Cette biographie du Père Émile Anizan (1853-1928), rigoureusement construite et documentée, attendue depuis le colloque qui lui fut consacré à l'Institut catholique de Paris les 13-14 novembre 1992 (Éd. du Cerf, 1995), offre un grand intérêt pour comprendre l'histoire de l'Église dans la situation française mouvementée du début du XXe siècle et la crise moderniste. L'auteur précise la vie, l'œuvre et l'influence de cet ''apôtre des classes populaires qui souffrit de et dans l'Église'' (Préface, p. III).
Conscient de sa vocation de vivre au service du peuple pour le réconcilier avec l'Évangile, il reçut après douze années de vicariat l'autorisation de rejoindre les Frères de Saint-Vincent-de-Paul, fondés par Le Prévost pour agir selon l'esprit et les méthodes de Frédéric Ozanam, et qui pratiquaient l'égalité entre les frères laïcs et les prêtres. À Sainte-Anne de Charonne, Anizan découvrit la précarité des conditions de vie de cette population d'artisans, d'ouvriers, d'employés, les conséquences désastreuses de l'irruption de la maladie ou du chômage dans un foyer, le drame de la vieillesse. Un des intérêts de ce livre se trouve dans la description de la vie religieuse du Paris populaire à la fin du XIXe siècle. Anizan notait les sources du détachement religieux : l'exode des provinciaux, la formation insuffisante reçue au cours de l'enfance, le service militaire, le climat d'incrédulité et d'immoralité des ateliers et des usines, l'hostilité des sociétés politiques, les carences de la pastorale.
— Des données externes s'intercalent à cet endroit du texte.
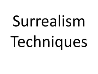 The document describes several surrealist techniques including exquisite corpse, parsemage, outagraph, grattage, collage, cubomania, automatism, decalcomania, and frotage. Exquisite corpse involves collaboratively writing sentences with a folded paper so the next writer cannot see what was previously written. Parsemage involves scattering pigment on water and transferring the pattern to paper. Outagraph cuts the subject out of a photograph. Grattage scrapes wet paint off canvas. Collage assembles different materials like paper and photos onto a surface. Cubomania cuts an image into squares and rearranges it without regard to the original image. Automatism suppresses conscious control over art making. Dec
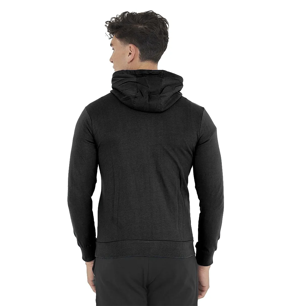 Le modèle présente une capuche intégrée avec cordon réglable, une fermeture frontale avec zip robuste et des poches latérales fonctionnelles.
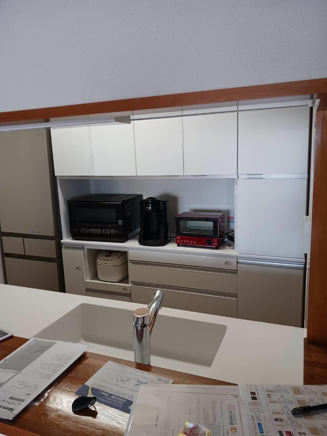 施主様より、【食器棚の中身が見えないように】【家電が置けるように】とのご依頼がありました。
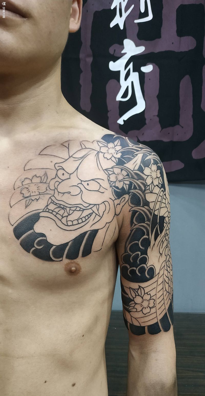 半甲纹身图片_胸部手臂新传统老传统纹身图案
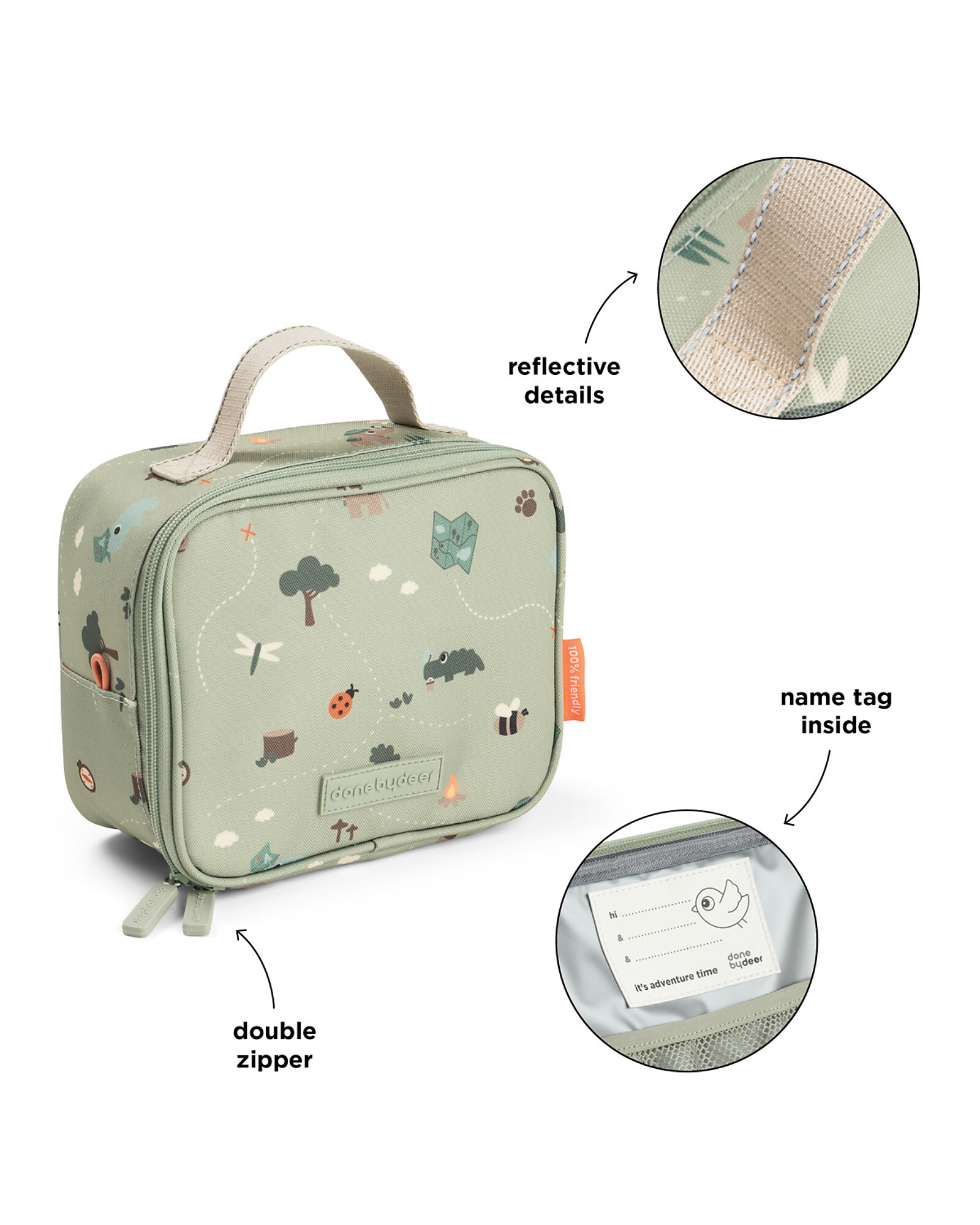 The large main compartment with mesh pocket is perfect for storing cooling elements or small snacks, while the dual zippers with easy opening ensure quick and simple access. The reflective detail on the carry handle enhances visibility, and the internal name tag allows easy identification.
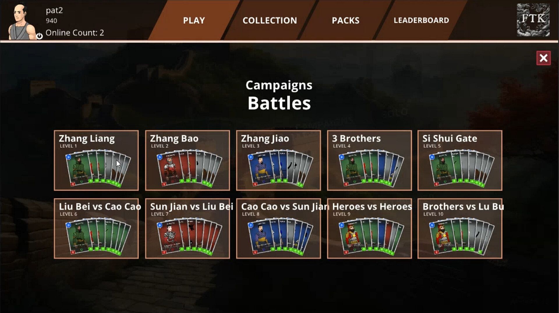 Collect different heroes from the time ranging like Liu Bei, Cao Cao and Sun Jian. Deploy tactics that act as spells in traditional card games. Equip legendary weapons and horses or lay traps like Ambush or Empty City.
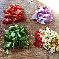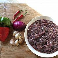 1、准备材料:猪肝600克、盐3克、糖2克、生粉15克、生抽40克、啤酒40毫升、青红彩椒各半个、朝天椒1个、蒜4瓣、姜1块、洋葱小半个。
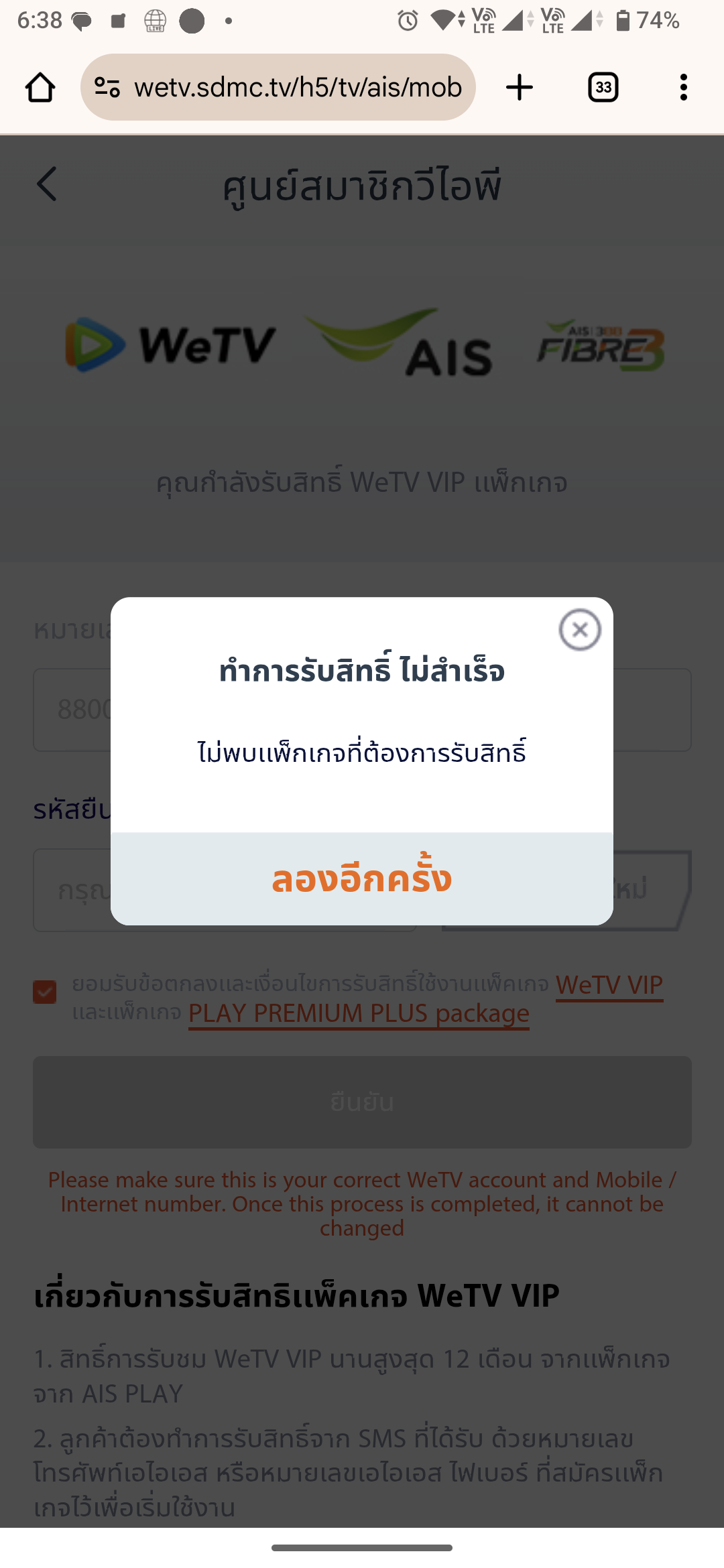 สมัคร Wetv ด้วยเลข Ais fibre แต่ผูกบัญชีไม่ได้ แก้ยังไงครับ
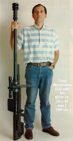 NTW-20是一种远距离反器材步枪,适合南非空旷广阔的平原使用。它有两个型号,20mm口径型和14.5mm口径型,后者也被称为NTW-14.5,但事实上不需要完全分解或改装武器就能在这两种型号之间进行转换,只需要更换枪机、枪管、瞄准装置和弹匣,操作简单,不需要专门的工具,例如枪管的固定螺母只要用两个弹壳底缘分别插入螺母沟槽里就能拧紧或拧松螺母,在野战条件下大约1分钟内就能转换口径。
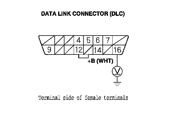 30. Measure the voltage between DLC terminals No. 4 and No. 16.
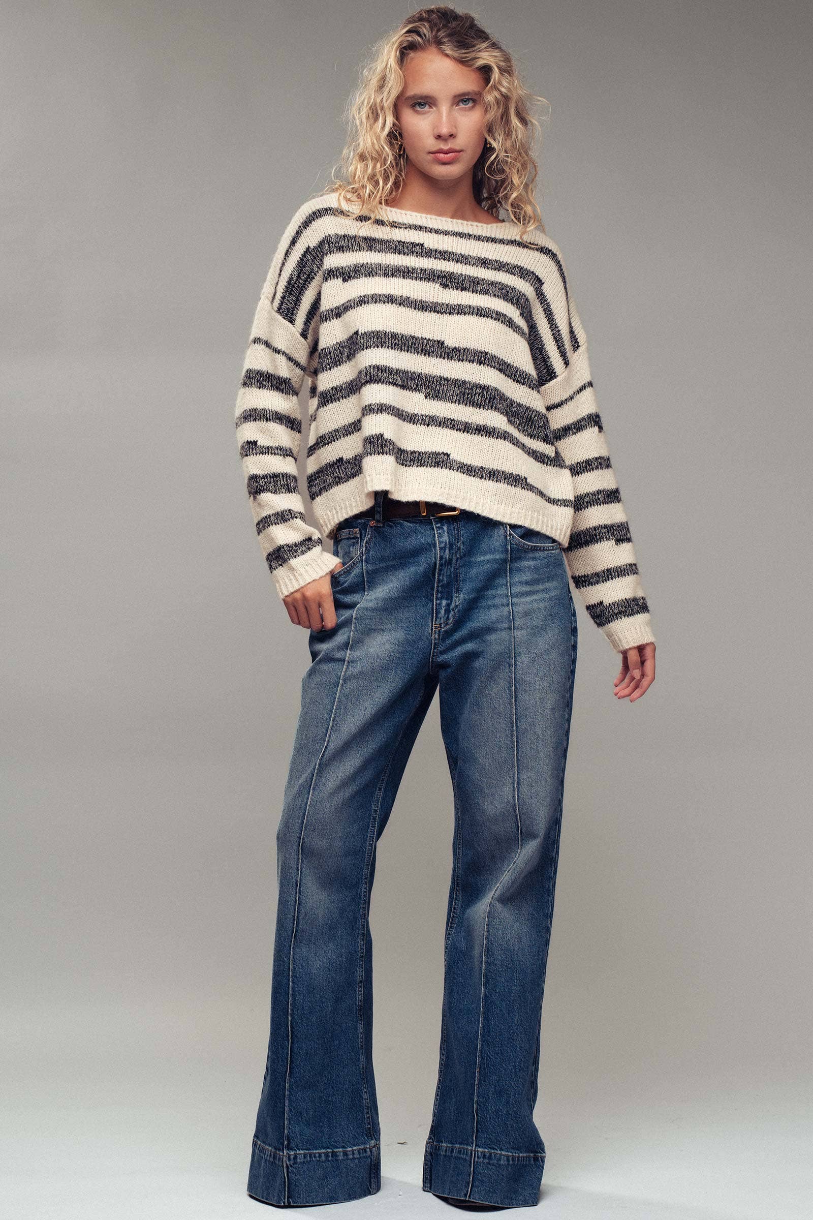 Bring effortless charm to your collection with our striped boatneck knit sweater, a versatile layer designed for cozy everyday wear. Crafted from a soft knit blend, it features a timeless black-and-cream stripe pattern that pairs effortlessly with denim, skirts, or tailored trousers. The relaxed boat neckline and dropped shoulders add a casual feel, while the cropped hemline makes it an easy match with high-rise bottoms. Its loose, boxy silhouette drapes comfortably, creating a modern yet laid-back look.
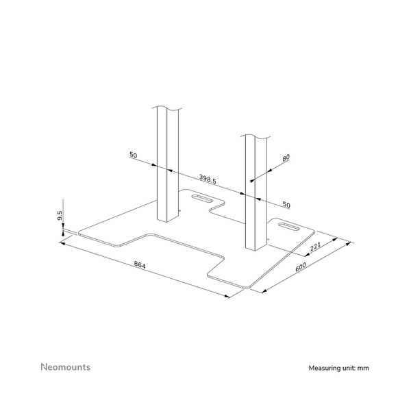 Neomounts AFP-875BL è una piastra da pavimento opzionale per la base mobile FL55-875BL1 e il supporto a parete WL55-875BL1. La piastra da pavimento è dotata di cuscinetti morbidi per proteggere il pavimento da eventuali danni. Se necessario, la piastra può essere fissata al pavimento. Tutto il materiale di installazione necessario è incluso.
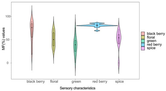 Violin plot showing the MF (%) values of sensory characteristics of the wine samples among various varieties and clones.
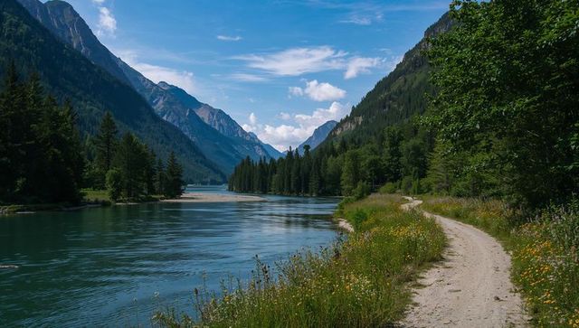 Winding Gravel Road through Lush Green Meadow and Mountain View
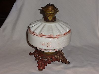 Antique Victorian Ruffled Milk Glass Footed Base Miller Oil Lamp Banquet Table
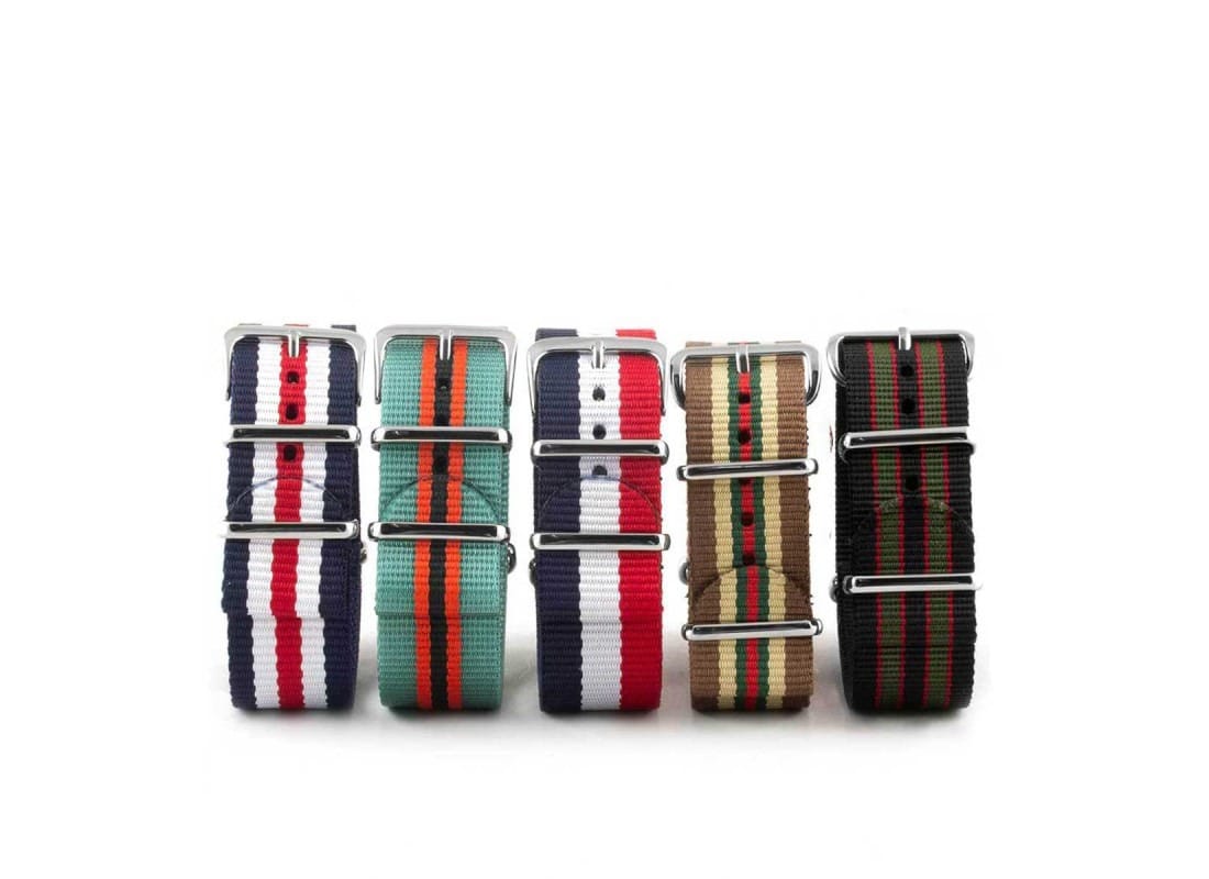 Available in refined color combinations such as Blue/White/Red, Blue/Orange/Black, Blue/White/Red Flag, Black/Red/Khaki, Brown/Beige/Green/Red, it allows you to personalize your watch according to your style or the occasion.

L'auteur montre comment Anizan engagea une dynamique missionnaire en donnant la priorité à l'apostolat assuré par les familles ouvrières elles-mêmes : par les membres du bureau de charité, des comités du bien, l'organisation d'une Sainte-Famille, il constitua une communauté toujours ouverte qui ne cessa de recevoir de nouvelles personnes du quartier, leur assurant un soutien matériel et moral ainsi qu'un cadre religieux. Anizan accueillit aussi le syndicat des employés de la gare de Lyon et celui des ébénistes : ils ressemblaient plus à des confréries qu'à un groupement professionnel.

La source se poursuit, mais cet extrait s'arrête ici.